As before, no adjustment to the p-values has been used for these tests, but this would probably be advisable when conducting so many tests.

We can also illustrate the results from the interaction model by plotting the estimated average effects for all factor level combinations:

plot(coef(res.i2)[1:3], type="o", pch=19, xlim=c(0.8,3.2), ylim=c(-0.1,0.5), xlab="Amount of Contact Prior to Expectancy Induction", ylab="Standardized Mean Difference", xaxt="n", bty="l") axis(side=1, at=1:3, labels=c("none","some","high")) lines(coef(res.i2)[4:6], type="o", pch=15, lty="dotted") legend("topright", legend=c("Test Administrator Blind", "Test Administrator Aware"), lty=c("solid", "dotted"), pch=c(19,15), inset=0.01) title("Estimated Average Effects based on the Interaction Model")

Now, the lines are no longer constrained to be parallel and in fact cross each other (but as we saw before, there is hardly any evidence to suggest that there is a significant interaction).

### References

Raudenbush, S. W. (1984).
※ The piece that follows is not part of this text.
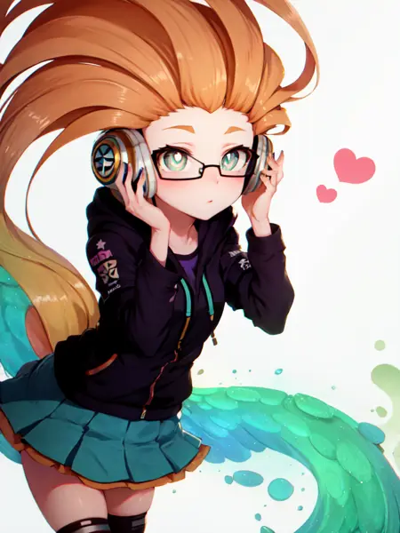 标准服装请使用耳机、眼镜、连帽衫、裙子、过膝靴、黑色镜框眼镜。

Magnitude of teacher expectancy effects on pupil IQ as a function of the credibility of expectancy induction: A synthesis of findings from 18 experiments. *Journal of Educational Psychology, 76*(1), 85–97.

Raudenbush, S. W., & Bryk, A. S. (1985). Empirical Bayes meta-analysis. *Journal of Educational Statistics, 10*(2), 75–98.